Of the GPU and Shading

This is my favorite part, really. After the CPU has started sending draw calls to the graphics card, the GPU can begin work on actually rendering the frame containing the input that was generated somewhere in the vicinity of 3ms to 21ms ago depending on the software (and it would be an additional 1ms to 7ms for a slower mouse). Modern, complex, games will tend push up to the long end of that spectrum, while older games (or games that aren't designed to do a lot of realistic simulation like twitch shooters) will have a lower latency.

Again, the actual latency during this stage depends greatly on the complexity of the scene and the techniques used in the game.

These days, geometry processing and vertex shading tend to be pretty fast (geometry shading is slower but less frequently used).
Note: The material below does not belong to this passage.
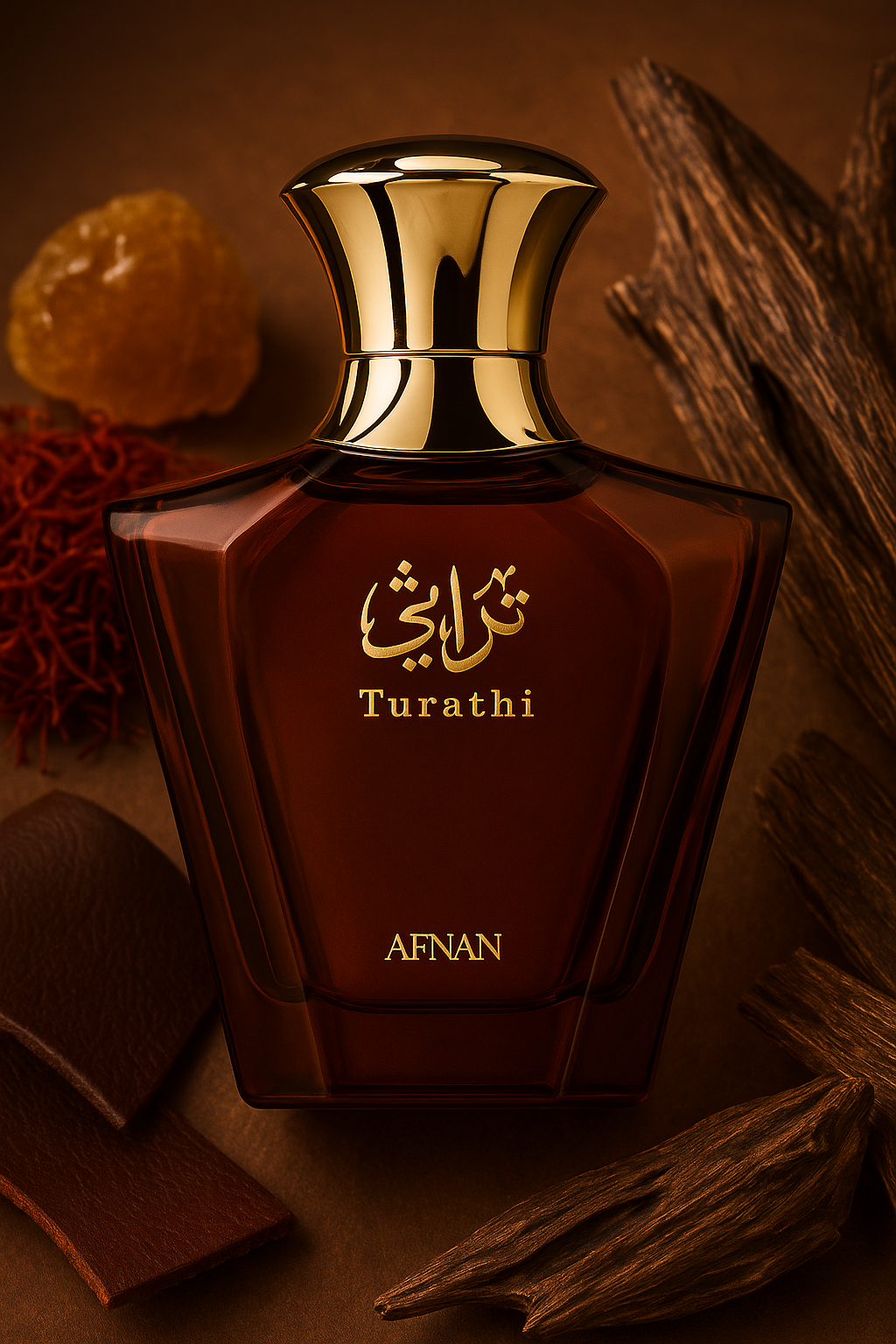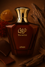 Afnan Turathi Brown Eau de Parfum— a rich oriental-woody fragrance that blends warm saffron, smoky leather, and deep oud with a hint of amber and vanilla. Bold, elegant, and long-lasting, it’s the perfect scent for confident men who appreciate timeless sophistication.

With features like instancing and the fact that the majority of detail is introduced via the pixel shader (which is really a fragment shader, but we'll dispense with the nit picking for now). If the use of tessellation catches on after the introduction of DX11, we could see even less actual time spent on geometry as the current level of detail could be achieved with fewer triangles (or we could improve quality with the same load). This step could still take a millisecond or two with modern techniques.

When it comes to actual fragment generation from the geometry data (called rasterization), the fixed function hardware and early z / z culling techniques used make this step pretty fast (yet this can be the limiting factor in how much geometry a GPU can realistically handle per frame).
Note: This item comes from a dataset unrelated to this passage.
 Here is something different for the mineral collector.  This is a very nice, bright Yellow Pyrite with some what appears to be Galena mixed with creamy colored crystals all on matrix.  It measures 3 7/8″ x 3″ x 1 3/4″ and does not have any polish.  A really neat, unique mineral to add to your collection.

Most of our time will likely be spent processing pixel shader programs. This is the step where every pin point spot on every triangle that falls behind the area of a screen space pixel (these pin point spots are called fragments) is processed and its color determined. During this step, texture maps are filtered and applied, work is done on those textures based on things like the fragments location, the angle of the underlying triangle to the screen, and constants set for the fragment. Lighting is also part of the pixel shading process.
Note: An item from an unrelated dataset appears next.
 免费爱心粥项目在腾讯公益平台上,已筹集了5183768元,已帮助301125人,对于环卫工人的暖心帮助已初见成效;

Lighting tends to be one of the heaviest loads in a heavily loaded portion of the pipeline. Realistic lighting can be very GPU intensive. Getting into the specifics is beyond the scope of this article, but this lighting alone can take a good handful of milliseconds for an entire frame. The rest of the pixel shading process will likely also take multiple milliseconds.

After it's all said and done, with the pixel shader as the bottleneck in modern games, we're looking at something like 6ms to 25ms. In fact, the latency of the pixel shaders can hide a lot of the processing time of other parts of the GPU. For instance, pixel shaders can start executing before all the geometry is processed (pixel shaders are kicked off as fragments start coming out of the rasterizer). The color/z hardware (render outputs, render backends or ROPs depending on what you want to call them) can start processing final pixels in the framebuffer while the pixel shader hardware is still working on the majority of the scene. The only real latency that is added by the geometry/vertex processing portion of the pipeline is the latency that happens before the first pixels begin processing (which isn't huge). The only real latency added by the ROPs is the processing time for the last batch of pixels coming out of the pixel shaders (which is usually not huge unless really complicated blending and stencil technique are used).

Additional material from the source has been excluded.